The guidelines from the Centers for Disease Control and Prevention are clear. In most cases, you can rejoin the world after five full days as long as you satisfy two key criteria — you have to be fever-free for at least 24 hours without the aid of medicine, and your symptoms have to have improved since your initial diagnosis. (If you are immunocompromised or you became severely ill, the CDC advises you to isolate for 10 days.)
If you exit isolation after Day 5, you should continue to wear a mask when you’re around other people through the end of Day 10. But what you won’t have to do, according to the CDC, is test negative for a coronavirus infection.
The state of California disagrees. According to the Department of Public Health, the soonest you can end your isolation is the end of the fifth full day. But officials in Sacramento want you to have a negative test as well. If you don’t, you’ll need to remain in isolation until you do.
Which policy is right? The answer depends on whether you’d rather make people spend several extra days holed up in a room even if chances are good that they’re no longer contagious, or if you’re willing to take the chance that some seemingly recovered patients who rejoin the world might still be infectious (though, if they’re following state and federal guidelines, they’ll be wearing a well-fitting mask).
The problem is that scientists don’t know how much to trust a coronavirus test under these circumstances.
A study of 729 people who took a BinaxNow antigen test at least five days after becoming infected found that 54% of them tested positive, even though, by the CDC’s standards, enough time had passed that their isolation could end. People who had developed COVID-19 symptoms were more likely to test positive during this time, but even 21% of those who had asymptomatic infections continued to see two pink lines on their BinaxNow cards.
Overall, the odds of testing positive fell with time — 55% of people did so on Day 6, compared with 39% on Day 9.
“A positive antigen test result does not necessarily mean that a person is infectious,” wrote the authors of the study, which was published in February in the CDC’s Morbidity and Mortality Weekly Report. “Similarly, a negative test result does not necessarily mean that a person is not infectious.”
A second study attempted to evaluate whether rapid antigen tests actually determine infectiousness.
Researchers recruited 17 people who had coronavirus infections and collected specimens from them six days after they first tested positive. The specimens were taken to a lab and cultured to see if the coronavirus was still present. Six of those tests came back positive. All six of those patients also tested positive on rapid antigen tests on the same day. However, another six patients tested positive on rapid tests but got negative results on their culture tests.
In other words, if you just finished your five-day isolation period and then tested positive on a rapid antigen test, there was only a 50-50 chance that you actually harbored coronaviruses that could grow in a lab — the kind of test the researchers called “the best proxy” for determining whether a person was still infectious, according to their report last week in the journal JAMA Network Open.
(The other five people who tested negative on the rapid antigen tests had negative culture results as well.)

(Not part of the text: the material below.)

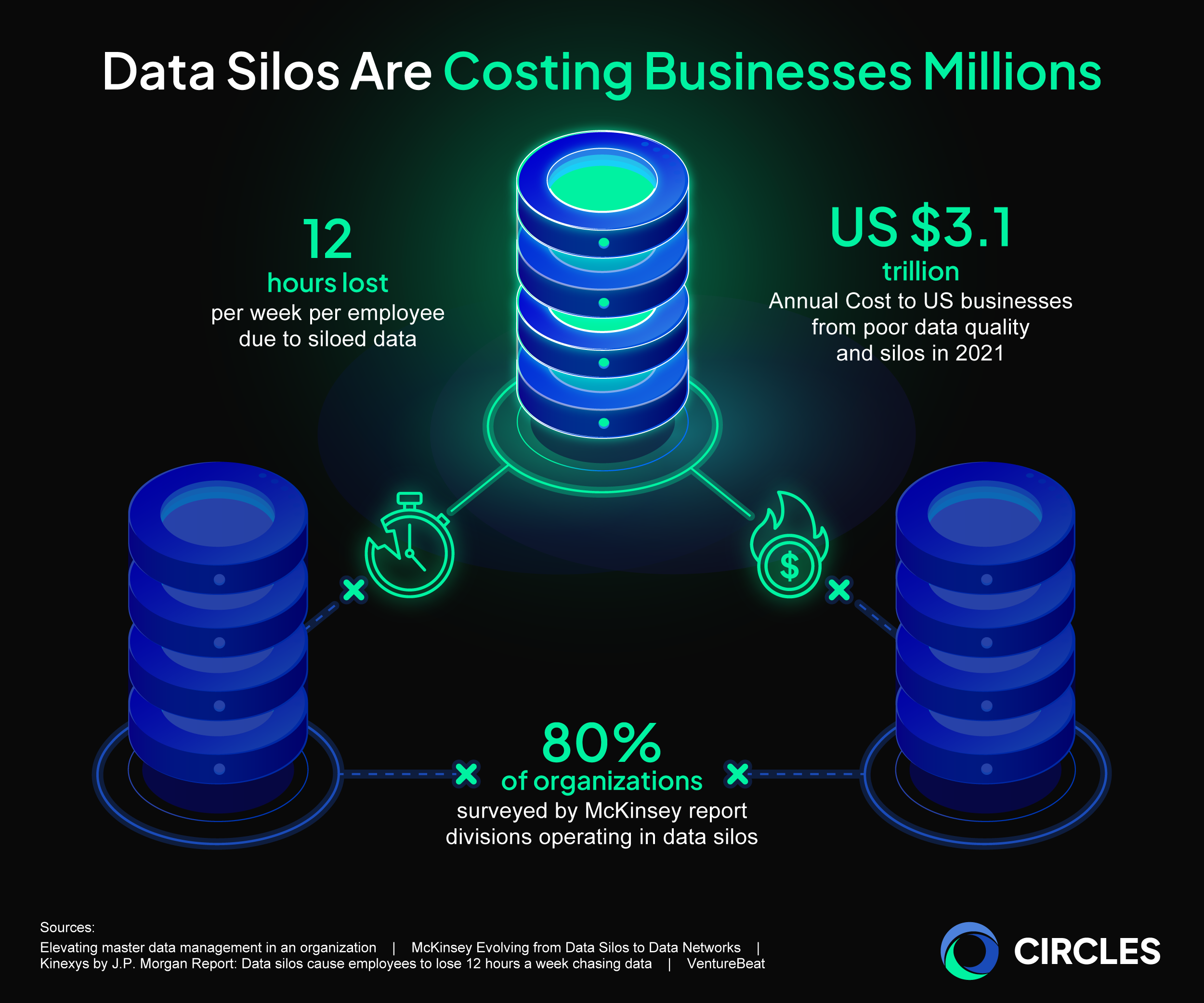 Meanwhile, data silos also cost employees a lot of time, as workers can lose up to 12 hours a week searching for information trapped in silos. Part of why this happens is because different departments and different companies store data using their own formats without making it easy to use or access for users outside their domain.

The 17 volunteers were among a group of 40 people who tested themselves daily once they were eligible to end their isolation. Only 10 of those 40 got a negative result on a rapid antigen test on Day 6. In fact, it took an average of eight days for those with asymptomatic infections to test negative, and nine days for those who had any COVID-19 symptoms to do so. Of the 90 tests administered to study volunteers on days when they had no COVID-19 symptoms, 68% came back positive.
The upshot, the researchers wrote, is that requiring a negative antigen test to rejoin the world would unnecessarily extend the isolation periods of many people who aren’t contagious. However, they added, if you test negative on a rapid test, you can feel reassured about ending your isolation without putting others in jeopardy.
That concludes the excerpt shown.